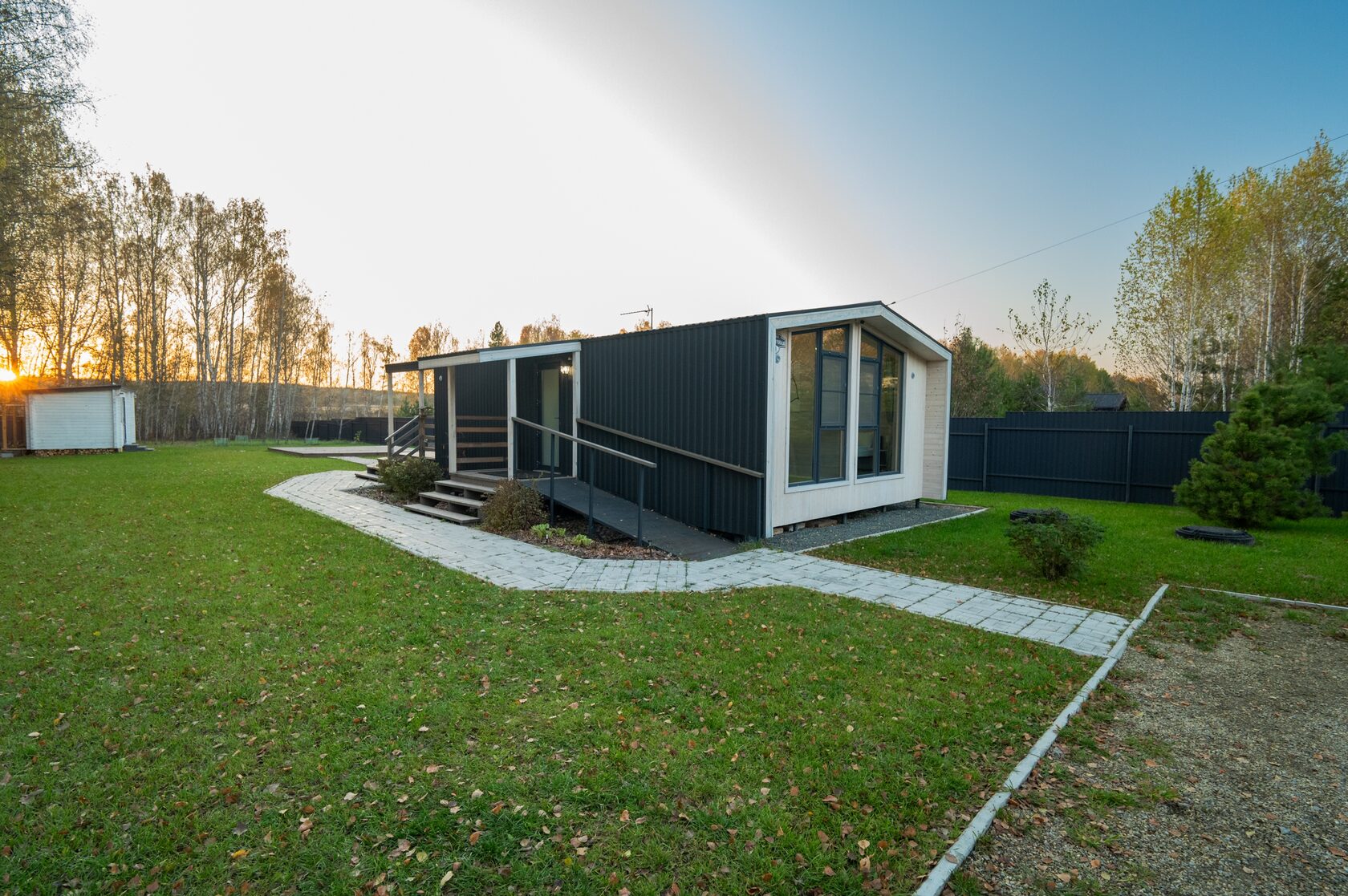 Модули приезжают полностью собранными и устанавливаются на участке за 1–2 дня. Никакой стройки — только монтаж.
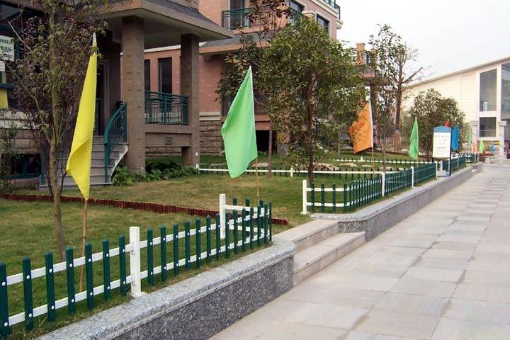 PVC护栏广泛应用于别墅、社区、庭院、学校、工厂及其它建筑的围墙、花坛、草坪、园林、道路、河滨、阳台、楼梯等场所!安全、环保,对人(畜)无害,即使无意触及护栏也不会像钢,铁护栏那样伤人。护栏内配有衬钢进行增强,具有足够的强度和抗冲击性能,使PVC护栏兼具钢材的强度和PVC的美观!
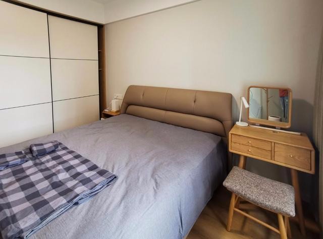次臥空間小,布置了一張雙人床加上一個定制的衣柜基本沒有什么多余的空間了,床頭 墻上懸掛著裝飾畫,可以起到很好的裝飾效果,特別讓人滿意。
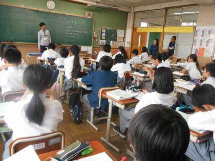 金曜日の6時間目、小学校6年の時の先生方が見に来られました。今日は山階南小学校です。
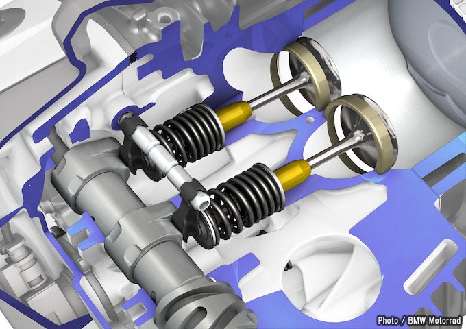 BMW ShiftCam(以下シフトカム)と名付けられたこのシステムは、吸気カムに低負荷低・中回転用カム、高負荷・中高回転用カムの2種類のカム山を持たせ、ライダーのアクセル操作や、5,000rpmを境に、ローカムとハイカムが切り替わるというもの。気になるその可変方法は、カムシャフトの一端に可変用ガイド溝があり(この溝はシフトドラムの溝に似た構造だ)、そこにアクチュエーターにより駆動されるピンが出てくることで適宜可変するというもの。ピストン位置としては圧縮上死点時にカムが横にスライドし、それを可能にしているのだ。
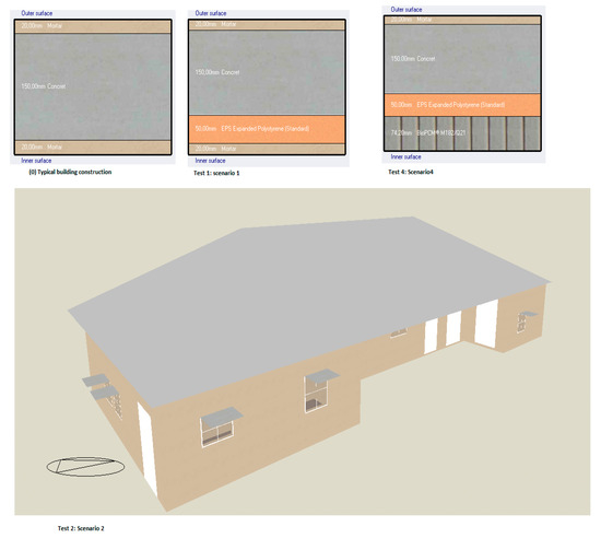 Scenario 1: The structure of the walls and the roof were changed by adding a 5 cm layer of expanded polystyrene.
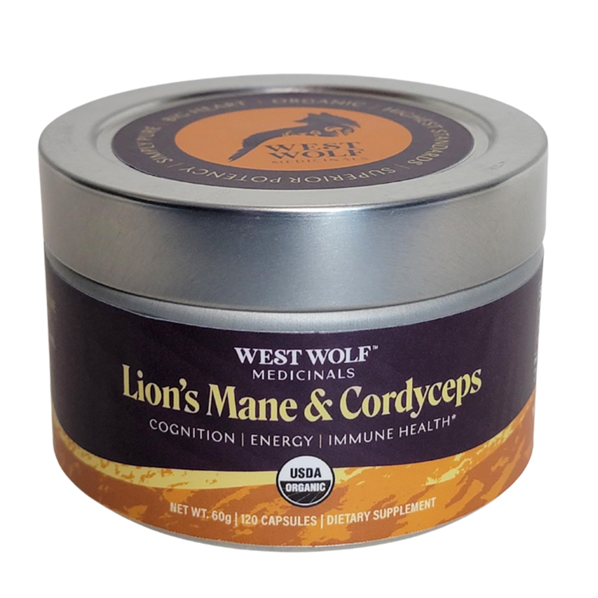 West Wolf Medicinals Lion's Mane & Cordyceps Mushroom Extract Powder Capsules| High Potency/Over 30% Beta Glucans| No Fillers| USDA Organic| 120Capules/ 4Months Supply | Eco-Friendly Packaging

----

● **WHAT TO WORK ON**
Your task is to copy only the lines above starting at the one containing "PVC护栏广泛应用于别墅、社" and ending at the one containing "金曜日の6時間目、小学校6年". Copy them exactly, both ends included, and omit the pictures.

● **WRITTEN RESPONSE**
 PVC护栏广泛应用于别墅、社区、庭院、学校、工厂及其它建筑的围墙、花坛、草坪、园林、道路、河滨、阳台、楼梯等场所!安全、环保,对人(畜)无害,即使无意触及护栏也不会像钢,铁护栏那样伤人。护栏内配有衬钢进行增强,具有足够的强度和抗冲击性能,使PVC护栏兼具钢材的强度和PVC的美观!
次臥空間小,布置了一張雙人床加上一個定制的衣柜基本沒有什么多余的空間了,床頭 墻上懸掛著裝飾畫,可以起到很好的裝飾效果,特別讓人滿意。
 金曜日の6時間目、小学校6年の時の先生方が見に来られました。今日は山階南小学校です。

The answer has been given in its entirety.